Retrouvez la critique de l’album de la semaine.
Avec des groupes tels que Alvvays, Purity Ring, Cindy Lee ou Grimes, le Canada s’est transformé au tournant des années 2010 en terre promise de la dream pop. Cela dit, aucun projet musical venu du Grand Nord blanc n’incarne mieux cette idée de pop rêveuse que les Québécois de Men I Trust, d’abord un duo formé il y a une dizaine d’années par le bassiste Jessy Caron et le claviériste Dragos Chiriac, rapidement rejoints par la chanteuse et guitariste Emma Proulx, dont le timbre vaporeux et magnétique s’est imposé comme la marque de fabrique du groupe. Car il faut bien dire que, de tous les sous-genres de la musique pop, celui auquel appartient Men I Trust, tout en étant encore jeune, est peut-être déjà bien l’un des plus éprouvés, son esthétique tout en textures minimalistes et en «réverb» de guitares mélancoliques étant prise au piège, depuis quelque temps déjà, de ses propres répétitions.
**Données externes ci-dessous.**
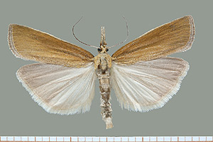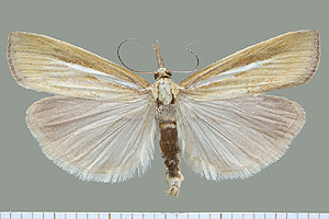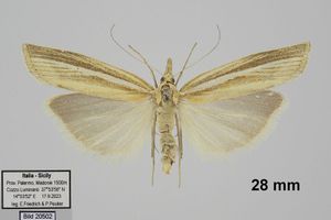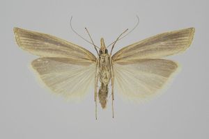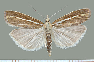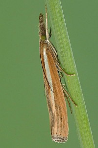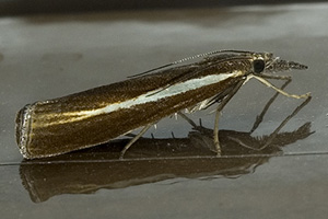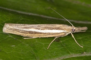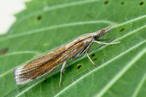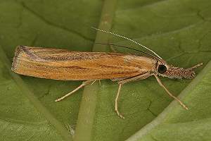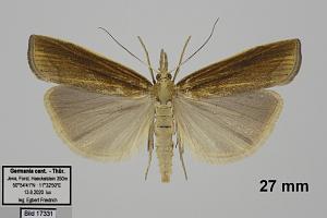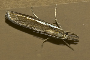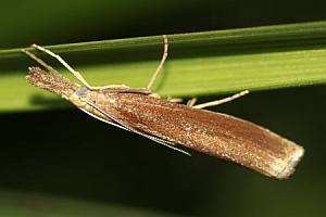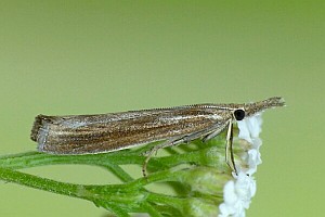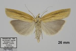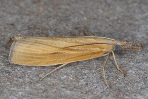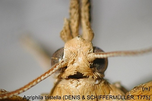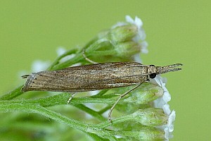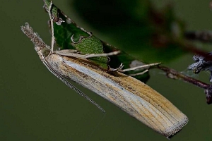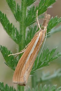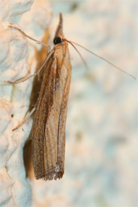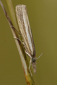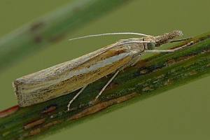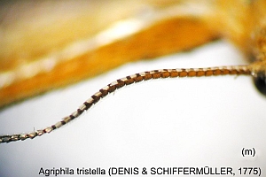 Die Fühler von Agriphila tristella sind perlweiß. Die ähnliche Art Pediasia luteella hat bräunlich-gelbe bis schmutzig-weiße Fühler. [Oliver Rist im Forum]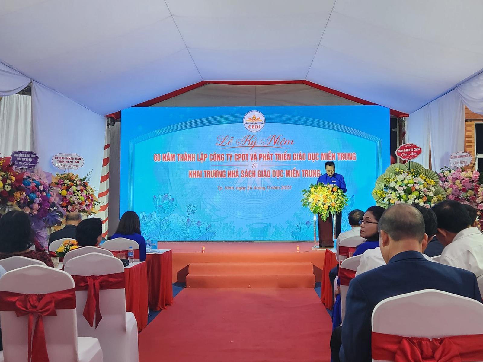 Nhân dịp kỷ niệm, Cty đã tổ chức khai trương ra mắt Nhà sách Giáo dục Miền Trung tại số 73 Nguyễn Cảnh Chân, phường Quang Trung, TP Vinh. Siêu thị có đội ngũ nhân viên bán hàng có nghiệp vụ chuyên môn cao về sư phạm, có kiến thức để tư vấn chuyên nghiệp, giúp khách hàng dễ dàng lựa chọn mua sắm. Đây là địa chỉ mua sắm thuận tiện và tin cậy của người dân trên địa bàn và các vùng phụ cận, đồng thời là công trình có ý nghĩa lớn góp phần phát triển tri thức và văn hóa đọc.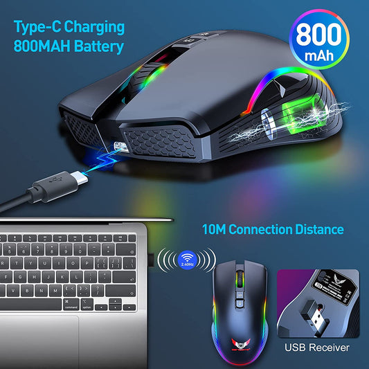 Rechargeable Wireless Gaming Mouse, RGB LED Backlit Mouse with 4 Adjustable DPI, 7 Button, 2.4G USB Optical Gaming Ergonomic Computer Mice for Laptop PC Gamer Computer Desktop (Black)

S’il est vrai que beaucoup de groupes sonnent comme Men I Trust, Men I Trust ne ressemblent à personne d’autre qu’à eux-mêmes. Leurs inspirations peuvent être soul, R’n’B, jazz ou rock psychédélique, elles infusent lentement, en douceur, finissant par se fondre dans des compositions sans genre ni frontières, à l’intérieur d’une grande bulle musicale dont l’apparente simplicité est inversement proportionnelle aux enchevêtrements d’influences composites qui ont mené à sa formation. Il semble alors naturel que le trio possède autant de fans à travers le monde et que son influence s’étende à tous les horizons musicaux (jusque chez les rappeurs Tyler, the Creator et Joey Badass). Mais il a aussi la particularité d’opérer en marge de l’industrie musicale, toujours fidèle à son indépendance : outre son travail purement artistique, le trio est son propre éditeur, son propre tourneur, son propre clippeur… Une position qui impose le respect et qui, manifestement, n’a aucune répercussion négative sur leur créativité.
Le trio atteint une forme d’innocence que l’on croyait innée, mais qui n’a pourtant rien d’évident
Mieux que ça : leur cinquième album studio, Equus Asinus, sera accompagné dans les semaines à venir par sa suite directe, Equus Caballus. Soit, après le deuxième volet de leurs Forever Live Sessions, sortis en février, trois projets dévoilés en quelques mois, qui expriment chacun une facette du groupe. Les deux derniers doivent former ensemble un diptyque offrant une vision d’ensemble de l’évolution artistique traversée depuis 2014, marquant par la même occasion un nouveau chapitre de leur histoire. Equus Asinus se dévoile comme une pause expérimentale, née d’une période de création pour laquelle chaque membre du groupe s’est enfermé seul en studio, avant de mettre en commun la cinquantaine de chansons qui en a résulté : cet album, moins tenu à la cohésion sonore de l’ensemble que leurs précédents, montre finalement le trio à son plus libre – en contrepartie, celui à venir est déjà promis à ressembler au «bon vieux Men I Trust» des premiers temps, ont-ils indiqué.
Et il est vrai que cet Equus Asinus – «âne» en latin, les références équestres des deux titres échappant, il faut bien le dire, à toute forme de logique – ressemble assez peu aux albums «classiques» de Men I Trust, avec leur lot de mélodies hypnotiques empreintes de nostalgie, et cette dimension à la fois intime (dans le chant) et ample (dans les couches d’instrumentation synthétique) qu’ils maîtrisent si bien. On retrouve assez peu le «bon vieux Men I Trust», sinon sur l’ondoyant Bethlehem ou le plus minimaliste The Landkeeper, emmené par son élégante ligne de basse. En creusant plutôt le calme d’une veine folk (I Come With Mud, les arpèges de Frost Bite ou Purple Box), le trio atteint une forme d’innocence que l’on croyait chez lui innée, mais qui n’a pourtant rien d’évident. De la même manière, c’est dans les expérimentations hors cadre que les Montréalais révèlent tout un potentiel jusque-là enfoui, en allant chercher du côté des textures chagrinées de Lee Hazlewood ou Joe Dassin (Girl). Un instrumental, Paul’s Theme, aurait carrément pu être une chute de studio d’une bande originale signée Francis Lai ou François De Roubaix : c’est, dans l’univers musical soigneusement construit depuis dix ans par Men I Trust, le titre qui s’en éloigne le plus. Paradoxalement, c’est aussi celui qui définit le mieux la portée méditative de cet enivrant voyage musical.